There is a more mystical Eros, the Light of Love, and an Eros truncated to the formulaic, the conservative, the rigid, the explicit, the explicable, where there is neither love nor life, but a need to predict and control, to master and possess. There is the intricate web of interconnections and there is system, organization, hierarchy, reeking of top dog and bottom dog, unilateral influence, and the loneliness of disconnection. This also means there are greater and smaller priests, those who ‘see the light’ and those that defend a party line whose bigger dimensions they have rejected. The former serve what they respect, the latter kill what they admire. There is stability and stasis. There is conserving a ‘Tradition’ of handed on and proved veracity, and there is a bankrupt ‘traditionalism’ in which you sanctify the past, ignore its struggles and mistakes, and regard the present as just a repetition of what was already established in that over-idealised past. That we must go through our own struggles, and make our own mistakes, now, to keep going toward the future, is denied.

Equally, there is a true and false Dynamic, a Dynamic that conveys the Daemonic intervention of God and a Dynamic identical with chaos, degenerateness, and capable of conveying the deceptive interference of the demonic. This also means there are true and false shamans, true and false prophets; not everything that glitters is gold. The Dynamic is unstructured yet not chaotic, when trustworthy. The Dynamic is disintegrative, and unravels with glee anything ravelled with patience, care, and concern, when untrustworthy.

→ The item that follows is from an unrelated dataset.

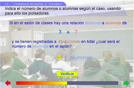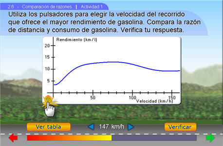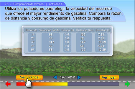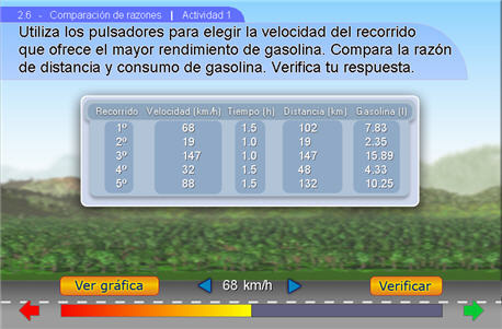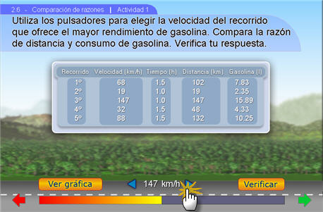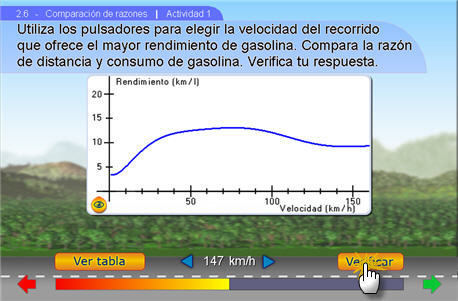 Cuando encuentre en que recorrido se obtuvo un mejor rendimiento (mayor número de km recorridos por litro de gasolina gastados) sabrá cuál es la velocidad que ofrece dicho rendimiento, utilice entonces los pulsadores para elegir esa velocidad en la parte inferior de la escena. Puede ver la gráfica del comportamiento del rendimiento del auto con el botón Ver gráfica Dentro del panel de la gráfica hay un botón con la forma de un ojo, dicho botón permite ver en que posición de la gráfica se encuentra el rendimiento en función de la velocidad del auto. Esta gráfica muestra el comportamiento de un auto en específico y este auto obtiene un mejor rendiemiento a los 76.5 km/h. Puede ir comparando las diferentes velocidades con los pulsadores usados previamente. Cuando este seguro de que ha encontrado la velocidad de mayor rendimiento en la tabla y/o con ayuda de la gráfica, presione el botón Verificar, si lo hace bien aparecerán datos nuevos. La siguiente escena muestra un contenedor translúcido conteniendo distintas cantidades de dos diferentes sustancias. El objetivo es representar, en la notación que se pide, la razón de ambas sustancias. La respuesta es verificada con el botón Verificar de la parte inferior y el avance es indicado por la barra de avance debajo del botón anterior. Actividad 2Actividad 3El siguiente ejercicio sugiere encontrar el número total de alumnos dentro de un salon de clases, teniendo como datos la relación alumnos a alumnas y el número total de éstas. El ejercicio es resuelto mediante una simple regla de tres y a cada acierto la barra de avance crece a la derecha, generando un nuevo planteamiento con distintos valores.
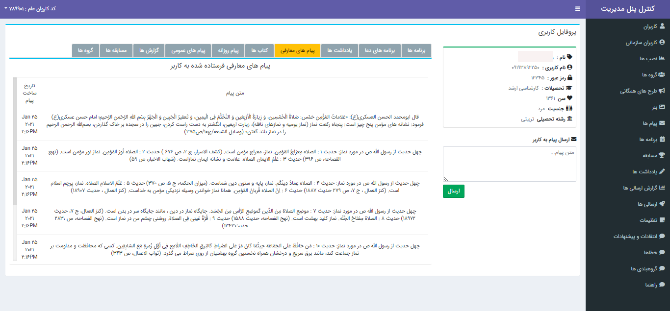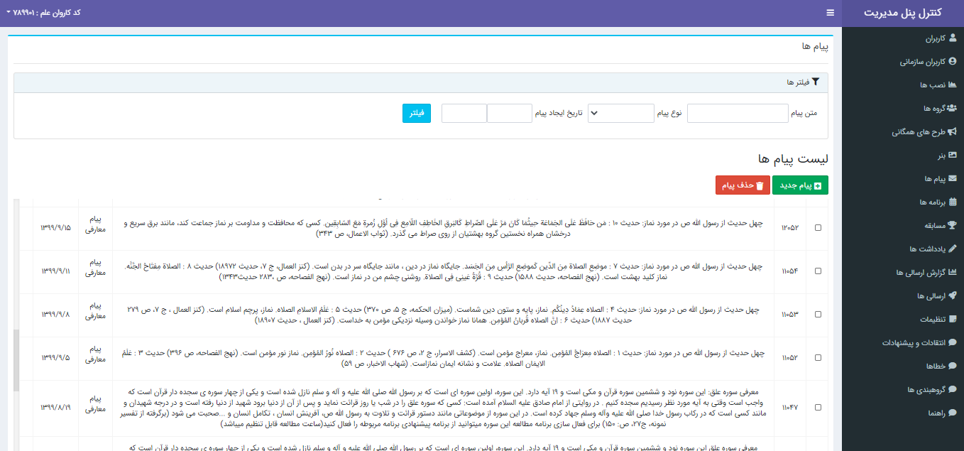 پیام معارفی: یک متن مفصلتر و رنگ بندی شده است که می تواند حاوی مطالب مذهبی و معارفی باشد. این پیام در صندوق پیامهای کاربر قرار می گیرد.

There is Good Static, and Evil Static. There is Good Dynamic, and Evil Dynamic.

There are decent people upholding the Static, and resisting the Dynamic; there are indecent people tearing down the Static, in the name of the Dynamic.

Discernment is needed.

The Daemonic God who, again and again, lays waste to the Jews, smashing them to reforge them, is not to be confused with the Panzer divisions of Hitler, nor with the Puritan armies of Cromwell, nor with the bullying and murderous fundamentalists and evangelicals of our day.

Socrates: “Our greatest blessings come to us by way of madness provided the madness is given us by divine gift.”